Current investment in the global energy sector is pegged at ~$1.8 trillion per year, or $44 trillion between 2017 and 2040. Sixty percent of this capital is targeted at carbon sources, with the balance allocated to non-carbon sources and energy efficiency. The 450 Scenario has daunting and likely unattainable investment requirements. The IEA suggests world-wide industrial power sector energy efficiency focused on motors and motor-driven devices requires a cumulative $300 billion of added capital by 2040 in the 450 Scenario, resulting in only a 5% reduction in electricity demand.  At the same time, the challenging policy conversation about power market design and electricity security is relevant again, as it is estimated that every incremental unit of renewable electricity requires 40% more capacity compared to the last time market restructuring occurred (1990 to 2010).  Building any kind of energy project at any cost, let alone idle but at-the-ready capacity, is sure to be a difficult proposition in many countries, including Canada. 

At the same time, CO2 emissions seem to have stalled since 2015.  The question is whether this a short-term blip brought on by changes to oil markets, or a possible sustained pathway. Regardless, the trajectory of greenhouse gas emissions is now a fully embedded consideration in all global energy developments. Unfortunately, even in 2040, under any scenario, at least half a billion people in the world will still lack access to electricity, while 1.8 billion will still be cooking with solid biomass. 

Some like to think there is an energy revolution at hand, and it is easy to understand why when viewed against the remarkable gains made by renewables, on a percentage basis, particularly, in the electricity sector. But a closer look indicates that what is happening in the global energy domain mainly involves, first, improved energy efficiency, second a swap out of old end-of-life facilities, and third, new non-carbon energy source additions. Looking at Figure 2 and Table 1, it is clear the difference between the 2040 Current and New Policies Scenarios is the movement of 5% from fossil fuels to other fuels — 2% to renewables, 1% to bioenergy and 2% to nuclear. Energy efficiency takes care of the bulk of change in the difference between the 450 and the Current and New Policies Scenarios, and therefore the increases in other forms of energy must be replacement, spread almost equally across non-carbon sources, except hydro, or so the data tells us.

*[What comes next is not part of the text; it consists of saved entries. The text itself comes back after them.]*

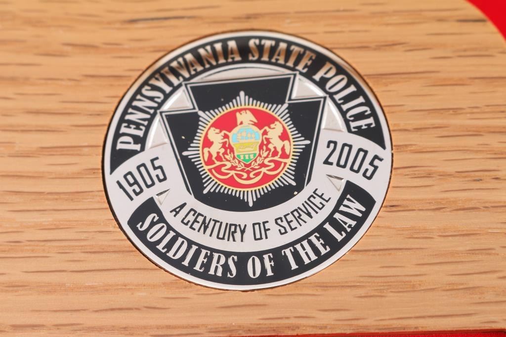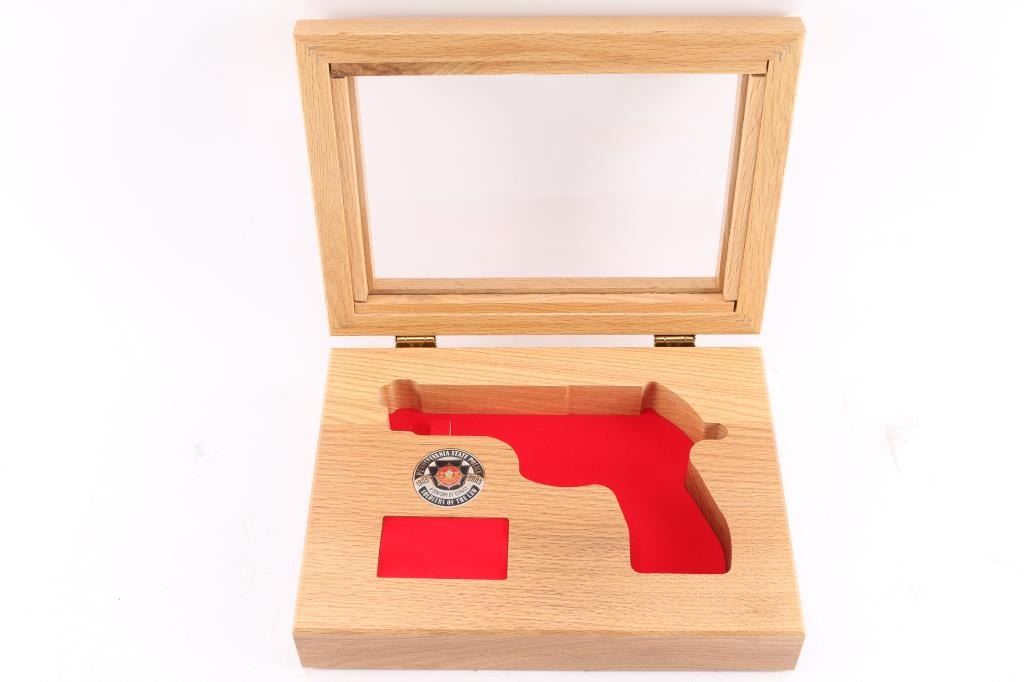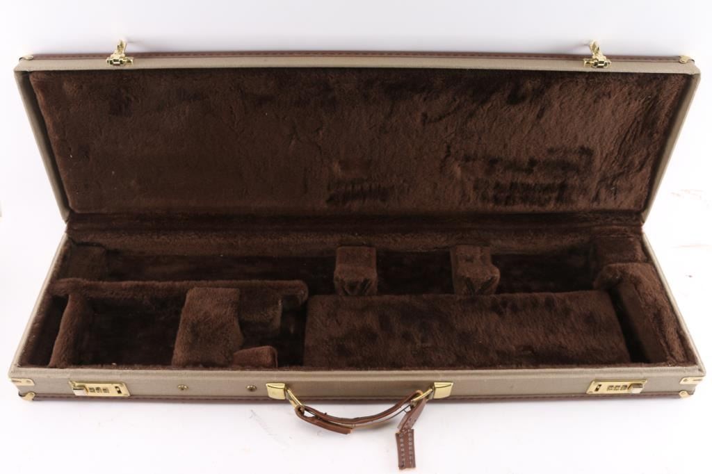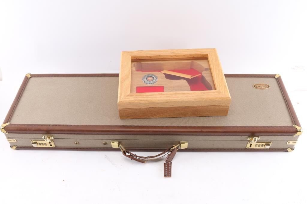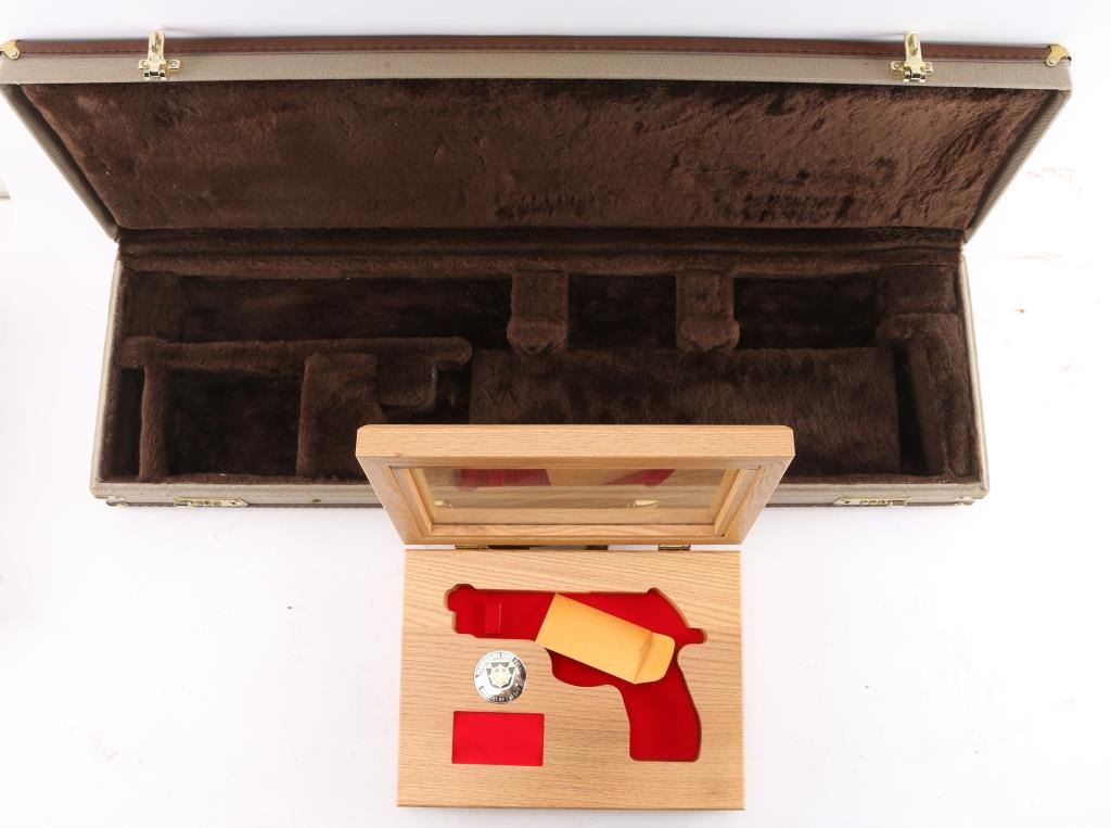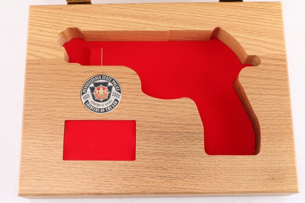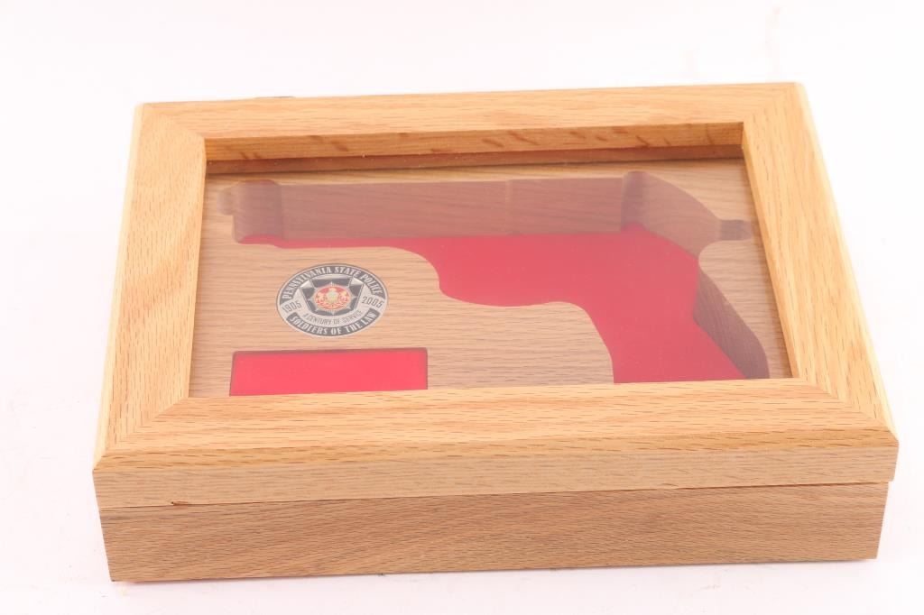(1) Pennsylvania State Police display case with red felt. Cutout is for a Beretta 92. PSP name plate. (1) Browning fitted side by side shotgun case, dark brown felt lining, in very good condition except for handle.
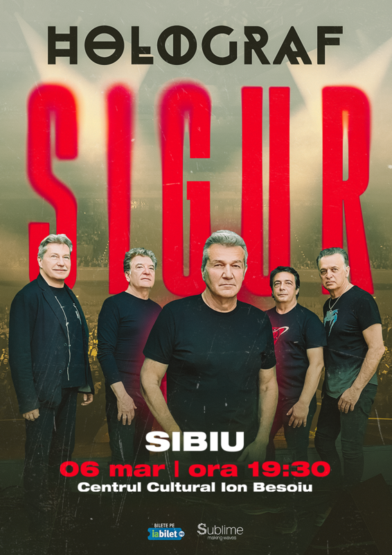 Concertul Holograf „Sigur!” aduce pe scenă o combinație perfectă de hituri clasice precum „Ți-am dat un inel”, „Dincolo de nori” și melodii noi, care continuă să inspire generații. Cu o atmosferă plină de emoție, energie și pasiune, spectacolul promite momente memorabile.
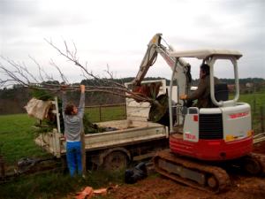 The spurt was carried on into February and was followed by electricians and interior craftsmen followed by more electricians and then kitchen fitters to check final measurements. We became positively giddy at the level of industry. Our Conducteur, who we met on site frequently, was clearly in a whip-cracking mood and it was beginning to really show results. Outside, large sized trees were ordered from the local Pépiniériste (specialist tree nursery), delivered and planted. The final landscaping of the site was discussed and planned with the Terrassier whose finesse with a 28 tonne digger was absolutely outstanding and his advice most helpful. EDF continued to be unhelpful and evasive.
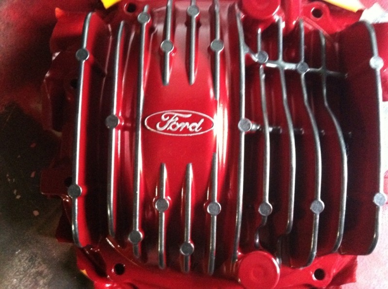 Well I went to install the prototype Shelby diff cover today. Turns out the 1 inner fin comes too close to the 4:10 gears, so I am not going to use it. I figure I would rather see someone use it than have it on a wall collecting dust. This is 1 of 7 prototype covers for the shelby that Ford made, Ford has since destroyed the other 6, so from what I am told, this is the only prototype cover that reamains. It has been painted Toreador red, silver metallic striping. This cover will be up for grabs on here for a week only, then it goes to auction. I am asking 200.00 shipped obo, shipping anywhere to the lower 48 US states, Priority mail with tracking.
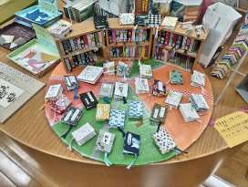 展示物ではなかまちテラスとの共同おすすめ本、スタンプラリーの紹介、ガラスに透ける切り絵などがありました。
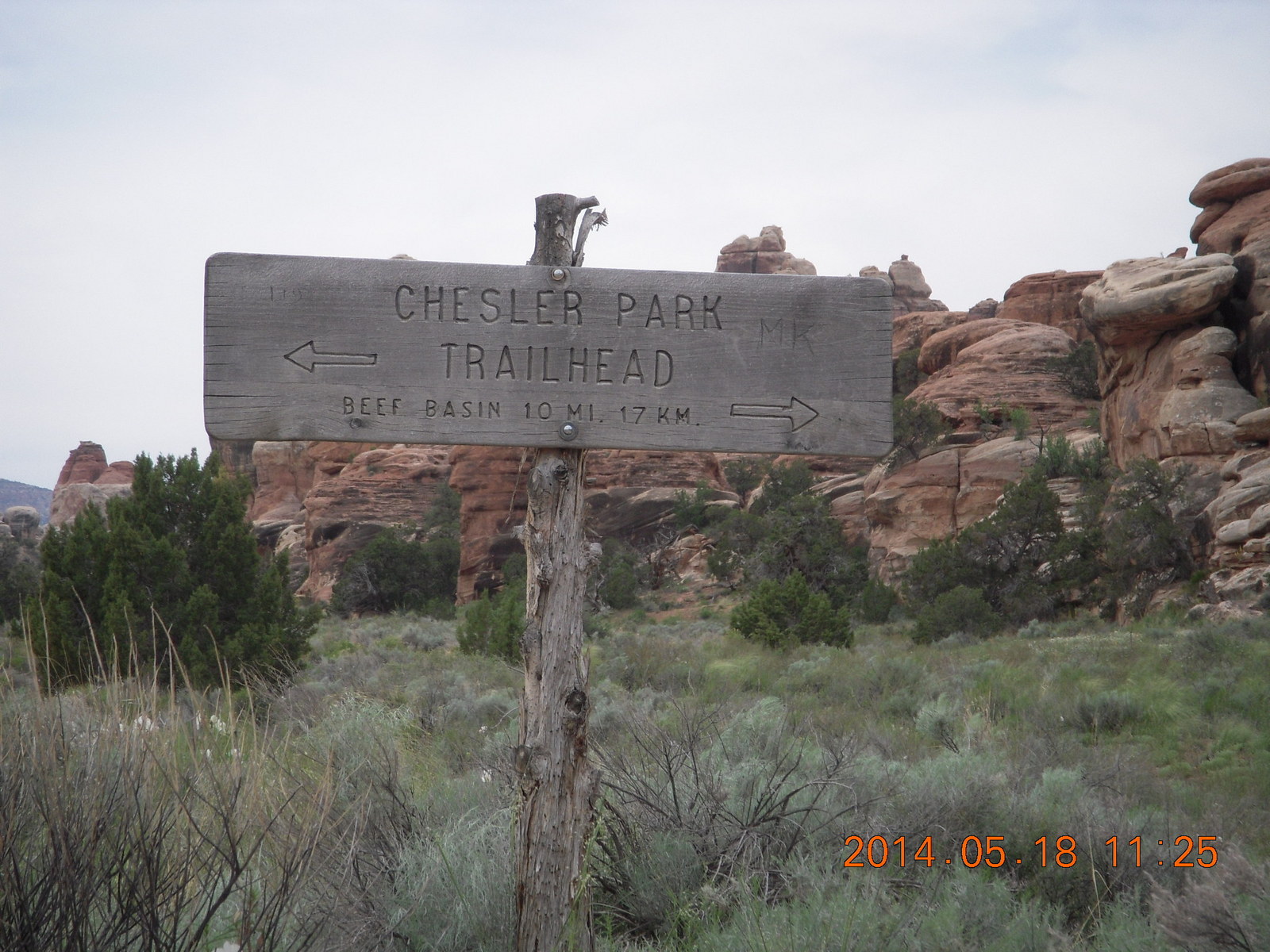 2014 May 18, Sunday, 8mj-tqp.jpg * Canyonlands National Park - Needles - Elephant Hill + Chesler Park hike sign
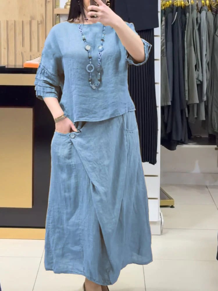 2025 국경 유럽 및 미국 아마존 폭발 새로운 대외 무역 여성 캐주얼 단색 느슨한 스커트 투피스 세트
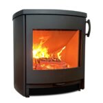 Brændeovnen fremstår elegant og stilren som en integreret del
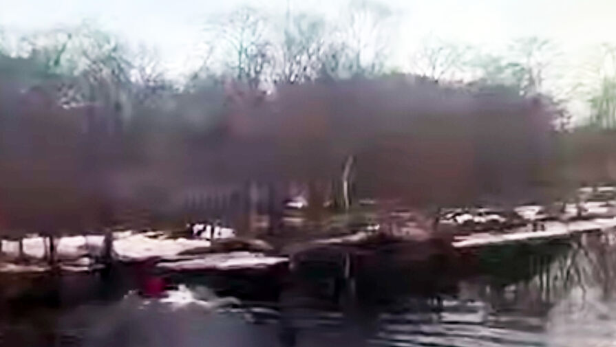 Видеорегистратор патрульного автомобиля запечатлел инцидент. На кадрах видно, как два человека оставляют свой мопед, подбегают к водоему и переплывают его.
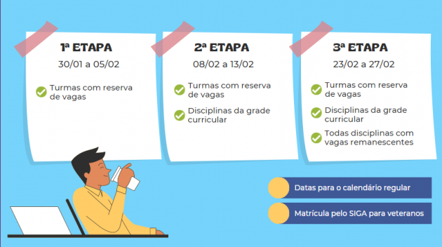 Na segunda etapa, de 8 a 13 de fevereiro, além de poder se matricular nas disciplinas com reserva de vagas para aquela turma, os alunos podem também fazer o pedido por outras disciplinas de sua grade curricular. E na terceira, de 23 a 27 de fevereiro, ficam disponíveis, além das disciplinas da grade, as matérias com vagas remanescentes de todos os cursos da Universidade. Esses são os prazos do calendário regular, que inicia as aulas em 13 de março. Estudantes de cursos com calendários ainda em reposição devem se atentar aos seus respectivos prazos. O procedimento será o mesmo.
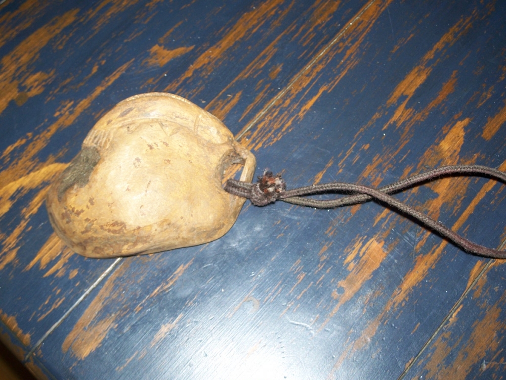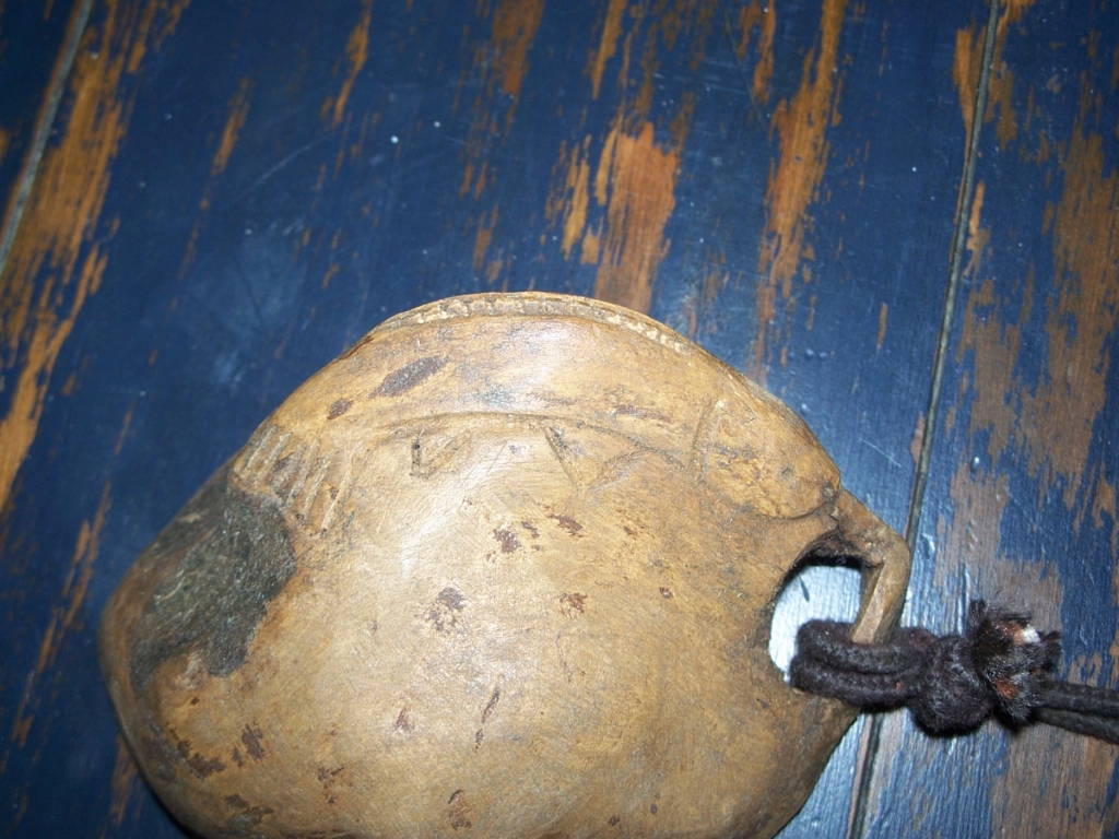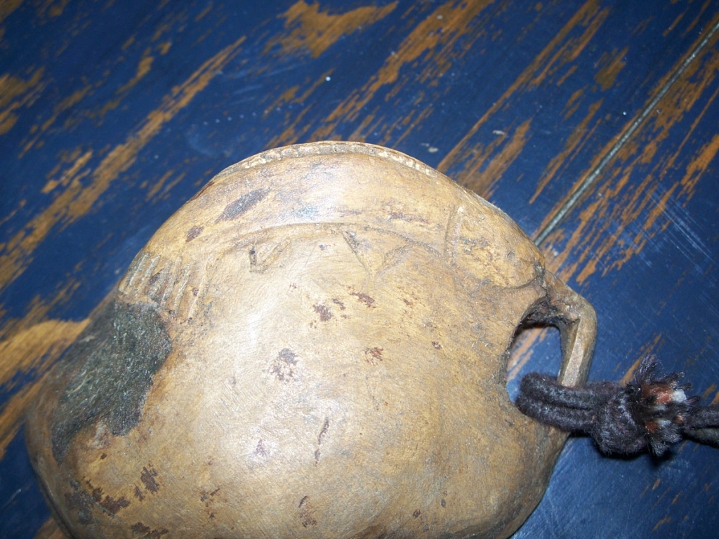 Nice canoe cup circa 1940's, carved with a naïve fish on top.4.5 inches X 3.25 and 2 this is a nice example of one done to be used and not for decoration.
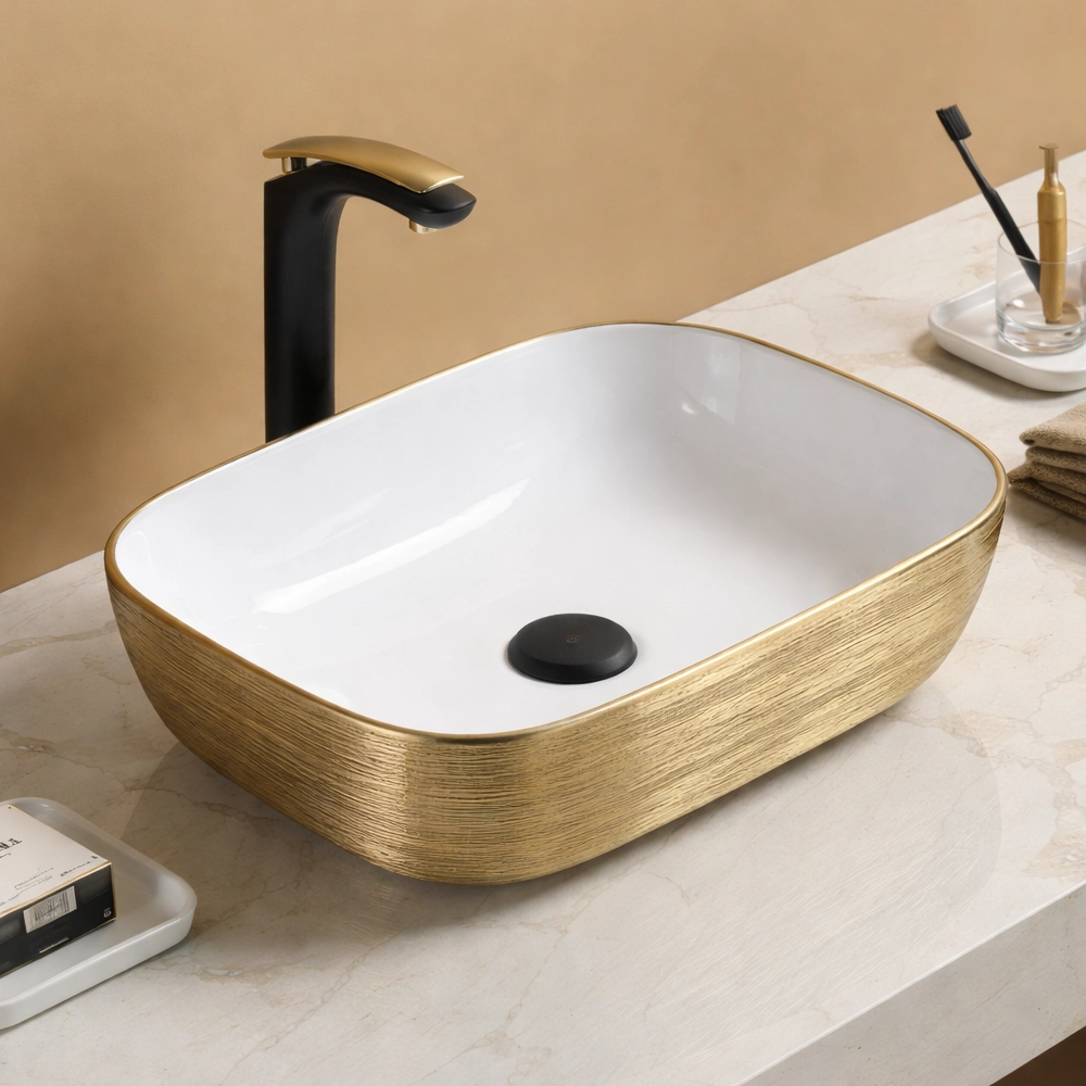 Interiorul alb lucios asigură un aspect curat și luminos, în timp ce exteriorul auriu cu textură fină adaugă un accent sofisticat și luxos. Realizat din ceramică de înaltă calitate, lavoarul este rezistent, durabil și ușor de întreținut.
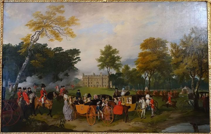 Francis Wheatley, The Earl of Aldborough Reviewing Volunteers at Belan House, County Kildare, 1782 (later changes ca.1787 and extended ca.1810), oil on canvas, 155 × 265 cm (National Trust, Waddesdon Manor, bequeathed by James de Rothschild, 1957).
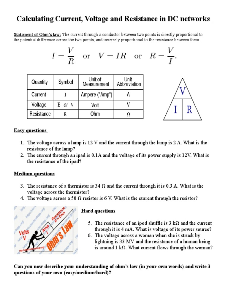 Can you now describe your understanding of ohms law (in your own words) and write 3
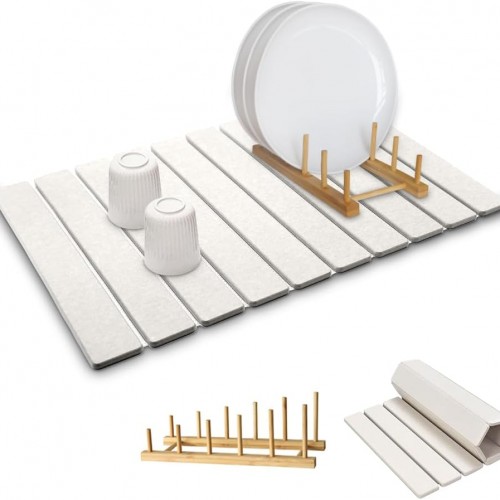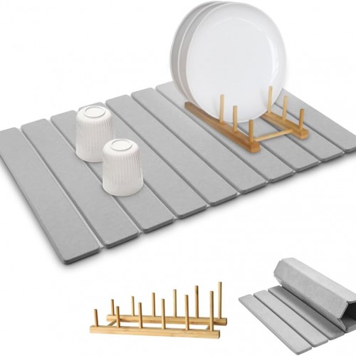 Stone Dish Drying Mats for Kitchen Counter,24×16 IN,Foldable Dish Drying Mat,Equipped Dish Rack,Strong Water Absorption,Diatomaceous Earth Material,Suitable for Plates,Cups and Any Kitchen Utensils
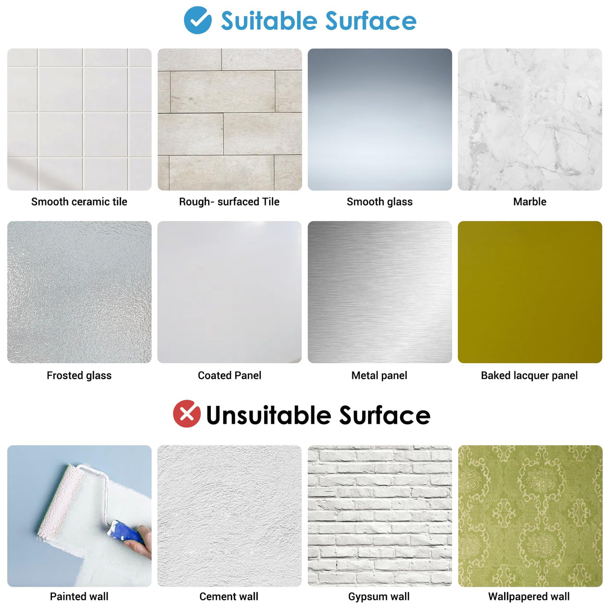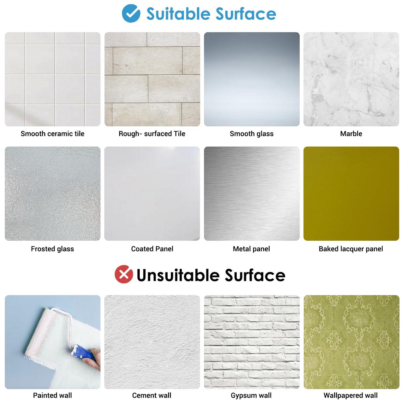 • Q: What types of surfaces can the towel bar be mounted on? A: The towel bar can be mounted on smooth surfaces such as walls, tiles, and glass. It can also adhere to cracked tile surfaces and rough glass.

Table 1:  Total Primary Global Energy Demand by Scenario (Mtoe)
                                                   

Current 2025

Current 2040 New Policies 2025 New Policies 2040 450
2025
450
2040
  15,998 19,637 15,341 17,865 14,354 14,879
Difference within Scenarios   3,639   -1,772   525
Difference
between Scenarios
Current and
New Policies
-1,772 Current
and 450
-4,758 New Policies
and 450
-2,986

 

The mostly likely future is somewhere between the Current and New Policies Scenarios, and probably closer to the former than the latter. Regardless, this means countries like Canada, with an existing robust and diverse energy sector (see here), are well positioned to supply the world with both resources and know-how. We have the oil, gas, and uranium the world needs, now and for the foreseeable future. We have the engineering expertise and the experience building large infrastructure in challenging geographies and climates, and we are at the forefront of developing new technologies in oil and gas as well as energy efficiency and small renewables. The future is not all or nothing. Like all things, diversity is key. Canada must be careful not to hobble itself with ill conceived and poorly designed energy policies that could ultimately shortchange our economy by limiting options and foreclosing energy development opportunities.